Researchers are moving on to the next frontier of artificial intelligence, which is text-to-video generators.
A group of machine learning engineers from Meta have created a new system called Make-A-Video. This artificial intelligence model allows users to type in a rough description of a scene and it will generate a short video. The videos are clearly artificial, with blurred subjects and distorted animation, but still represent a significant advancement in the field of artificial intelligence.
The model is impressive even though it is artificial.
Meta stated in a post thatrative artificial intelligence is pushing creative expression forward by giving people tools to quickly and easily create new content. Make-A-Video can bring imagination to life and create one-of-a-kind videos with just a few words or lines of text.
It's much harder to generate video than photos because the system also has to predict how they'll change
The clips are five seconds in length and have no audio. Watching the model's output is the best way to evaluate it. The videos below were created by Make-A-Video and captioned with a prompt. It is worth noting that the model is not currently being allowed to be accessed by anyone. The system could have been shown in a better light.

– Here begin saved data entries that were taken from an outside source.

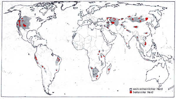 pestis (früher Pasteurella pestis). Wandern die Nager wegen starker Vermehrung, Futtermangels oder Naturkatastrophen in andere Gebiete, infizieren sie dort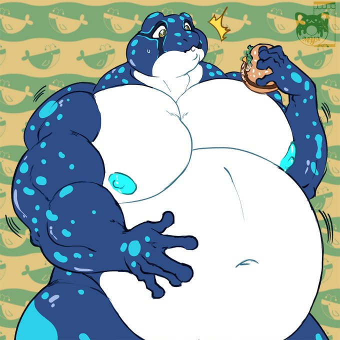 A darling froggo finds his burger pretty beefy, in a unique way~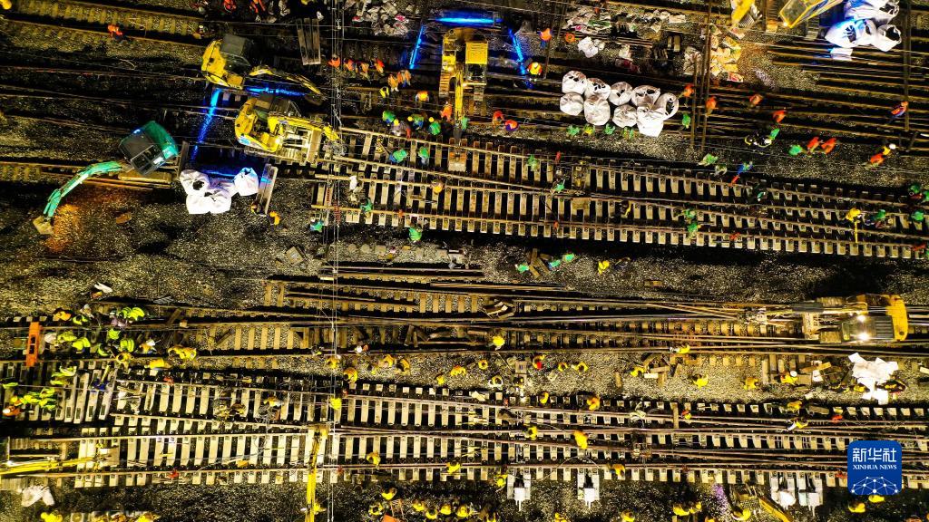 11月15日夜間,在濟南火車(chē)站,中鐵十局的工作人員正在對濟鄭高鐵引入濟南站進(jìn)行站改作業(yè)(無(wú)人機照片)。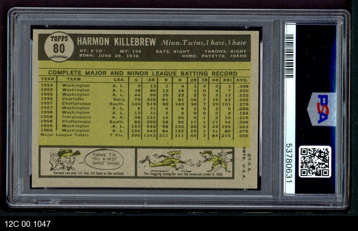 | 1961 Topps #80 Harmon Killebrew | PSA 5 - EX | Front | Back |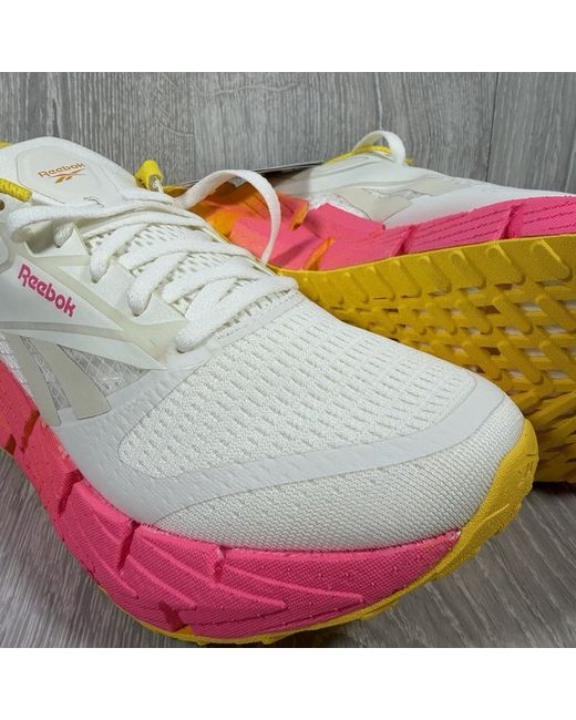 The Reebok Floatzig 1 Running Trainers in Women’s UK size 5 are a stylish and functional choice for women looking for comfortable and supportive footwear. The chalk/pink colour combination adds a vibrant pop to any activewear outfit, while the rubber outsole provides traction for running and jogging activities. These trainers feature a lace-up closure for a secure fit and have a standard shoe width for a comfortable feel. Perfect for summer workouts, these Reebok trainers are a must-have for women who value both style and performance in their footwear. Brand new with tags and a full box. Thank you ☺️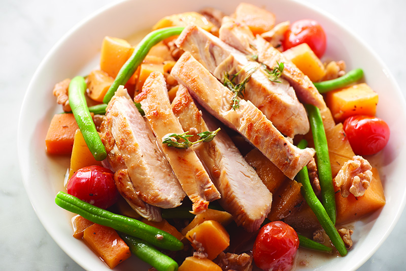 Hearty Chicken and Butternut Squash NUTRITIONALS PER SERVING: 520 Calories; 28g Fat; 28g Carbs; 6g Fiber; 7g Sugar; 48g Protein 1 tbsp olive oil 2 (6-ounce) boneless, skinless chicken breasts, cut into 1-inch pieces 2 cups peeled and (1/4-inch) cubed butternut squash 2/3 cup low-sodium chicken broth 1/2 cup fresh green beans, trimmed 1/2… Continue reading Hearty Chicken and Butternut Squash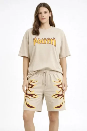 Baskılı Kadın Bej Bej Şort Takım Cepli Şort Yazlık Rahat Günlük Kombin Oversize Tişört

While it is clear that these videos are computer-generated, the output of such models will improve quickly. In just a few years, artificial intelligence image generators have gone from making pictures that were borderline incomprehensible to making pictures that were realistic. The prize of seamless video generation will motivate many institutions and companies to pour great resources into the project.
There is a chance for harmful applications.
Video generation tools could be useful for creators and artists according to Meta. There are worrying prospects as well. The output of these tools could be used for propaganda, misinformation, and pornography that can be used to harass and intimidate women.
Meta is publishing a paper on the Make-A-Video model in order to be thoughtful about how we build new generative artificial intelligence systems. The company doesn't say when or how access to the model will be limited, but it does say that it will release a demo of the system.
Meta is not the only institution that works on artificial intelligence. A group of researchers from Tsinghua University and the Beijing Academy of Artificial Intelligence released their own text-to-video model. The sample output from CogVideo is limited in many ways like Meta's work.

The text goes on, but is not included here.